In the long term, this situation is untenable. As other nations build their own aerospace workforces, the current balance will inevitably shift, eroding or even ending our military advantage. This is already happening in the commercial aerospace sector.

Our policymakers need to acknowledge that the nation’s apathy toward developing a scientifically and technologically trained workforce is the equivalent of intellectual and industrial disarmament and is a direct threat to our nation’s capability to continue as a world leader. (CFUSAI, 2002)

The following are some of the trends characterizing the current state of the aerospace workforce of the United States:

  • A decline of 60 percent from the 1964 peak in the overall federal investment in R&D as a percentage of GDP, in particular for the physical sciences and engineering, even though the DoD depends heavily on the application of these fields to develop new warfighting and peacekeeping capabilities.

  • International competitors, including the European Union, are gaining (Figure 4-1). The U.S. share of the world’s aerospace markets as measured by annual revenue fell from over 70 percent to below 50 percent in 2000 (CFUSAI, 2002).

  • Because of industry layoffs that were due to the end of the Cold War and subsequent mergers, the nation has lost over 600,000 scientific and technical aerospace jobs since 1989, with 100,000 lost since the attacks of September 11, 2001 (Figure 4-2). Many of those laid off move on to other industries, which include nontechnical industries like banking and entertainment (CFUSAI, 2002; NASA, 2003a).

  • The average age of the aerospace worker in industry is 44. The average age is 51 at NASA and 53 in the DoD.1 Over 26 percent of the aerospace workforce will be eligible for retirement in 2008 (CFUSAI, 2002).
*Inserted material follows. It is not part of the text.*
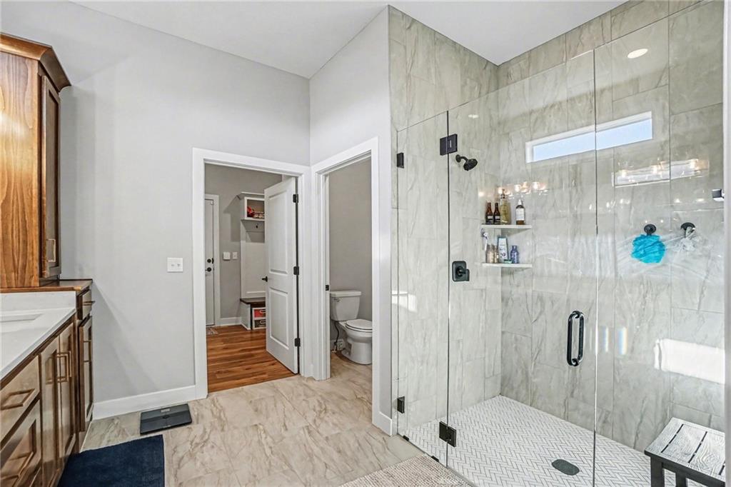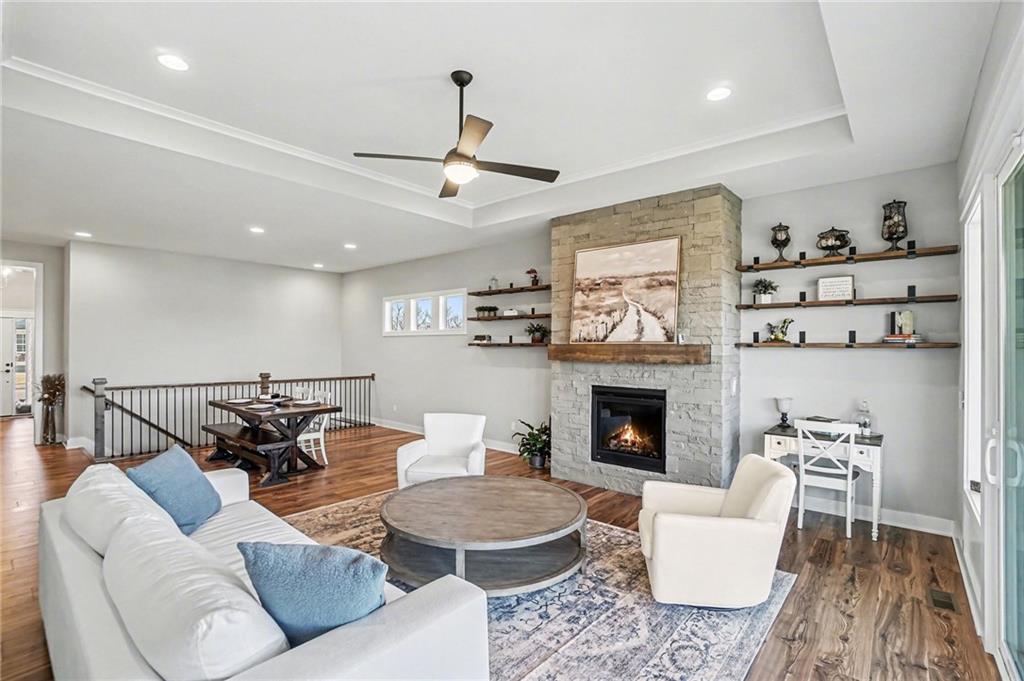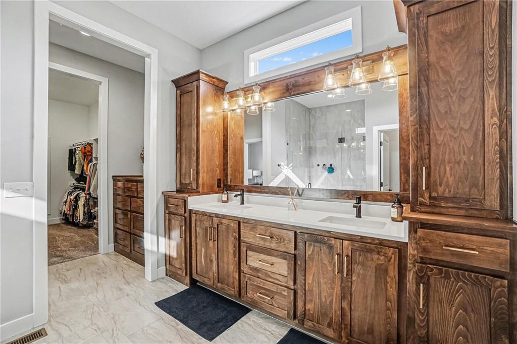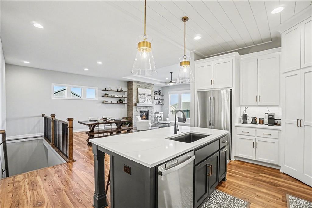 Home sweet home awaits in this Inspired Homes’ Sonoma, a stunning reverse 1.5-story residence that offers the feel of nearly new construction with thoughtfully designed living spaces throughout. This 4-bedroom, 3.5-bath home blends modern finishes with a functional layout, all situated on a desirable, spacious walkout lot. The main level is designed for convenience and comfort, featuring a spacious primary suite with an oversized walk-in closet and a well-appointed ensuite bath. An additional main-level bedroom with ensuite bathroom provides flexible space for guests, a home office, or additional living needs. Laundry, as well as a half bathroom are also conveniently located on the main floor. The heart of the home is the chef-inspired kitchen, complete with a high-end gas cooktop, built-in appliances, quartz countertops, stainless steel finishes, shiplap ceiling and ample cabinetry. The kitchen flows seamlessly into the great room, where a floor-to-ceiling stone fireplace and expansive windows create a bright and inviting atmosphere. Step outside to the oversized covered deck—ideal for enjoying the outdoors or entertaining. The finished walkout lower level expands your living space with a large recreation area, wet bar, and two additional bedrooms and another full bathroom, offering versatility for a variety of uses. Additional highlights include a 3-car garage with a 4-foot extension, providing extra storage and functionality. Residents enjoy access to community amenities including walking trails, a pool, and a playground—offering opportunities for recreation and relaxation in a well-maintained setting. This home offers a move-in ready opportunity with a balance of style, space, and thoughtful design.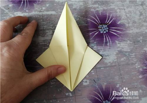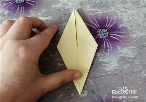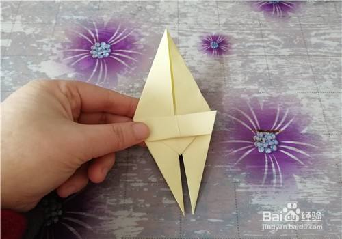 把彩纸转一下,我们把下侧的角向里折,背面的一样操作,如图。

  • The proportion of aerospace workers 30 years old or younger dropped from 18 percent in 1987 to 6.4 percent in 1999 (AIA, 2001). In part this is due to the cyclical nature of major aerospace programs, which caused a general decline in the number of American-born youth pursuing an education in aerospace engineering at the undergraduate level (Figure 4-3) and the graduate level (Figure 4-4) (McLaughlin, 2002; Grossman, 2002; CFUSAI, 2002; NASA, 2003a). Another reason

1  

Statement of Thomas Kochan, Codirector, Labor Aerospace Research Agenda, Massachusetts Institute of Technology, before the Commission on the Future of the United States Aerospace Industry, May 14, 2002.